38. Hazardous Materials.
(a) For purposes of this Lease, "hazardous materials" means any explosives, radioactive materials, petroleum products, hazardous wastes, or hazardous substances, including without limitation substances defined as "hazardous substances" in the Comprehensive Environmental Response, Compensation and Liability Act of 1980, as amended, 42 U.S.C. Section 9601‑9657; the Hazardous Materials Transportation Act of 1975, 49 U.S.C. Section 1801‑1812; the Resource Conservation and Recovery Act of 1976, 42 U.S.C. Section 6901‑6987; or any other federal, state, or local statute, law, ordinance, code, rule, regulation, order, or decree regulating, relating to, or imposing liability or standards of conduct concerning hazardous materials, waste, or substances now or at any time hereafter in effect (collectively, "hazardous materials laws").

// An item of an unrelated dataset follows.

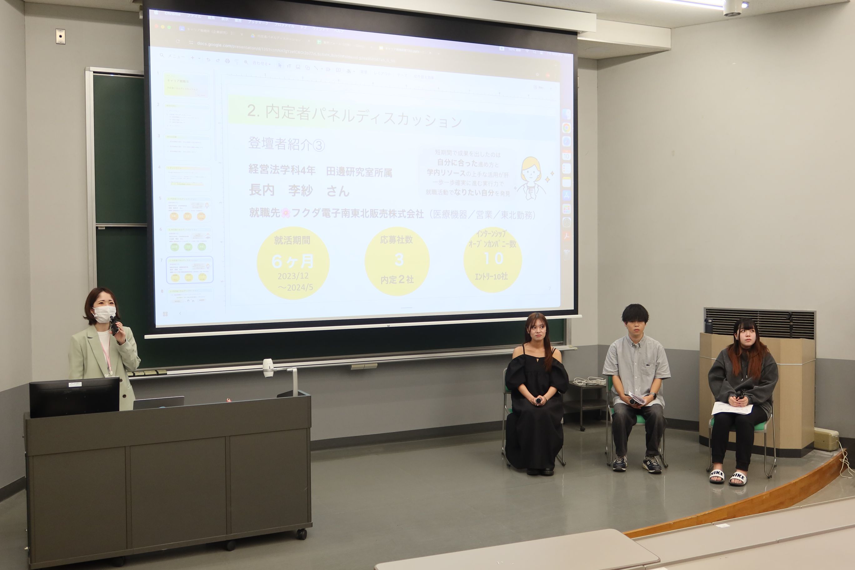 「インターンシップや説明会等にとにかく足を運んだ。ネットでは得られないリアルな情報が入ってきて軸が定まった」「少しでも興味を持てる会社があれば壁が大きくてもチャレンジして欲しい」「活動が遅れて焦りがあったが、一人で抱え込まず先生やキャリサポへ相談し乗り超えた」など、体験者ならではのリアルな受け答えや先輩からの熱いメッセージがあり、学生たちは話に聞き入る様子が見られました。

(b) Tenant shall not cause or permit the storage, use, generation, or disposition of any hazardous materials in, on, or about the Premises or the Project by Tenant, its agents, employees, or contractors or invitees. Tenant shall not permit the Premises to be used or operated in a manner that may cause the Premises or the Project to be contaminated by any hazardous materials in violation of any hazardous materials laws or result in the diminution of the value of the Building or Project or degradation of structural materials of the Premises. Tenant shall immediately advise Landlord in writing of (1) any and all enforcement, cleanup, remedial, removal, or other governmental or regulatory actions instituted, completed, or threatened pursuant to any hazardous materials laws relating to any hazardous materials affecting the Premises; and (2) all claims made or threatened by any third party against Tenant, Landlord, or the Premises relating to damage, contribution, cost recovery, compensation, loss, or injury resulting from any hazardous materials on or about the Premises. Without Landlord's prior written consent, Tenant shall not take any remedial action or enter into any agreements or settlements in response to the presence of any hazardous materials in, on, or about the Premises.
(c) Tenant shall be solely responsible for and will defend, indemnify and hold Landlord, its agents, and employees harmless from and against all claims, costs, and liabilities, including attorneys' fees and costs, arising out of or in connection with Tenant's breach of its obligations in this Section 38. Tenant will be solely responsible for and will defend, indemnify, and hold Landlord, its agents, and employees harmless from and against any and all claims, costs, and liabilities, including attorneys' fees and costs, arising out of or in connection with the removal, cleanup, and restoration work and materials necessary to return the Premises and any other property of whatever nature located on the Project to their condition existing prior to the default. Tenant's obligations under this Section 38 will survive the expiration or other termination of this Lease.
39. Intentionally Omitted.
40. Allowance Offset.
“Landlord Allowance Default” under this Lease means failure by Landlord to pay or disburse the Allowances or any portion thereof to Tenant or to the escrowee described in the Work Letter within 30 days after written notice from Tenant of failure to pay or disburse the same on the due date. Without limiting other remedies provided for or granted elsewhere in this Lease, if a Landlord Allowance Default occurs, Tenant shall have any rights and remedies available at law or in equity, and in addition Tenant will have the right to set off against amounts due from Tenant to Landlord hereunder the amount owed by Landlord (a) with respect to which Landlord has not, by the end of such 30-day period, sent a notice of dispute as set forth below in this Section 40, or (b) the amount of any final, non-appealable judgment entered against Landlord in favor of Tenant in connection with Landlord’s failure to pay or disburse such Allowances, if Landlord fails to satisfy the same when due. If Landlord, in good faith, believes that the Allowances are not due or that the conditions to disbursement have not been fulfilled, Landlord will so notify Tenant and will nevertheless pay the amount not in dispute prior to expiration of the 30-day period set forth above in this Section 40. Any such amount which Tenant may elect to set off hereunder shall be applied to the next payments due Landlord hereunder so as to apply such amount as soon as possible. Except as expressly set forth in this Section 40, and except as otherwise expressly provided in this Lease, Tenant will have no right to set off any amounts against rent due under this Lease.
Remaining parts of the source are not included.